Addiction and the Opioid Epidemic
Through Demon’s story, Barbara Kingsolver highlights and gives a human voice to the opioid epidemic. Narcotic painkillers like OxyContin have been prescribed to treat a variety of health concerns; however, the drugs are highly addictive, and overdose rates have continued to climb since the drugs entered the market in the 1990s.
Early in the novel, When Demon’s mother succumbs to an oxy overdose, he doesn’t even know what oxy is yet. Telling his life story in retrospect, after also becoming addicted himself, Demon describes his mom as an early casualty of what would become a widespread crisis in the region. He refers to opioids as “our deliverance” from the myriad pains that come along with work, sports, and daily life in Appalachia. When it was first prescribed, patients were “told . . . this pill was safer than safe.” At the time of Demon’s mother’s death, people assume she died as a result of “[her own] reckless mistake.” Later, when the overdoses rise, it becomes clear that the numbers have “got to mean something.”

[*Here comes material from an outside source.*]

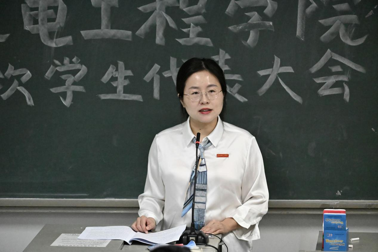 王佳佳老师对大会的圆满召开及新一届学生会主席团成员、校级学代会代表的产生表示热烈祝贺,充分肯定上一届学生会在服务学院发展、助力学生成长中取得的显著成效。同时,她对新一届学生会提出三点要求:一是坚守服务同学初心,密切联系学生、解决实际问题;二是强化责任担当,主动融入学院发展大局,在学风建设、校园文化等工作中积极作为;三是锤炼过硬本领,打造政治坚定、作风优良、能力突出的学生骨干队伍。她鼓励全体学生代表以此次大会为契机,积极投身学院建设,以青春之力书写机电学子的奋进篇章。

As Demon enters his adolescent and teenage years, he and the vast majority of his peers become addicted to drugs. He tells June that every kid he knows is taking pills. Demon himself falls into the trap when he suffers a gruesome leg injury in a football game and is given painkillers instead of a surgery he desperately needs. When he first begins his pills, he romanticizes its effects on him: “Cool relief, baby, let’s you and me go cruising Main. Just hold my hand. Lortab was her name. Blessed, blessed lady.” The drug has a calming effect on Demon, and he is grateful for the relief it provides. The downside, of course, is that he becomes dependent on that feeling. When he picks up a prescription for OxyContin, it “shook” Demon, so he “stumbled, running smack into a homeless guy,” who asks if Demon is blind. This foreshadows the way in which his addiction will blur Demon’s judgment and result in irreparable damage.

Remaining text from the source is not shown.